N.B. You might want to run the simulations and plot the graphs in separate cells in the notebook, so you don't end up re-running the simulations each time you want to fiddle with the way the graphs look.

### Questions

Everyone should attempt questions 1 and 2, and have a think about question 4.

1. Under what conditions does stable, successful communication evolve? (Note that it is a very good idea to run the simulation a few times for each setting of the parameters you want to test, and plot the results).
2. Can you speed up evolution (or slow it down)?
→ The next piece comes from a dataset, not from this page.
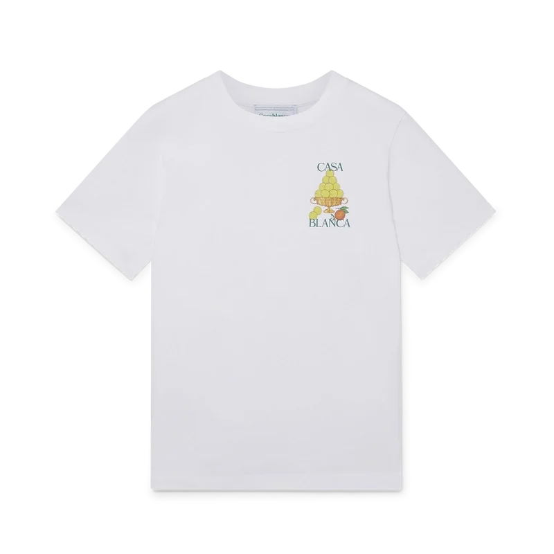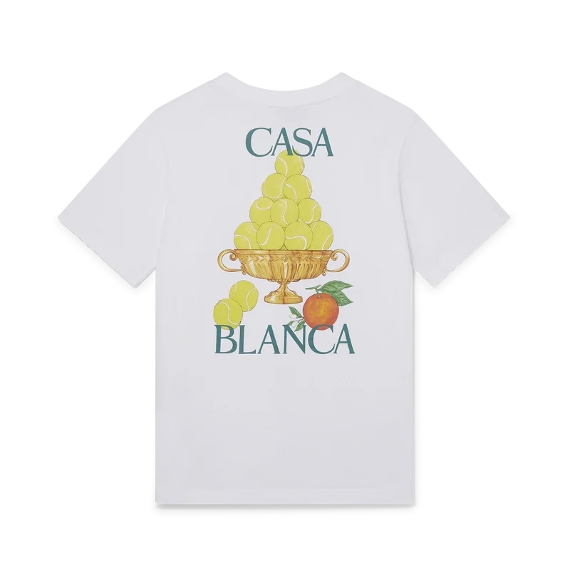 Das Le Triomphe De Tennis T-Shirt ist ein bedrucktes Kurzarm-Modell aus Bio-Baumwolle mit dem ikonischen orangefarbenen Pyramiden-Motiv des Hauses, das für diese Saison neu interpretiert wurde. Mit klassischem Rundhalsausschnitt und Casablanca-Markenlogo.

How? Is there a limit to how fast evolution can happen in the model?
3. **[optional]** In earlier notebooks we gave you the option of modelling production and reception using a single matrix of weights, or of modelling populations in a more structured way (e.g. where each individual communicated with their neighbours). What difference do you think these factors will make to the evolution of communication? Make the necessary adjustments to the code and find out.
4. In this model a parent’s signalling system is transmitted directly to their offspring - this is our model of the genetic transmission of an innate signalling system. How else might a signalling system be transmitted from parent to offspring, and how might you model that process?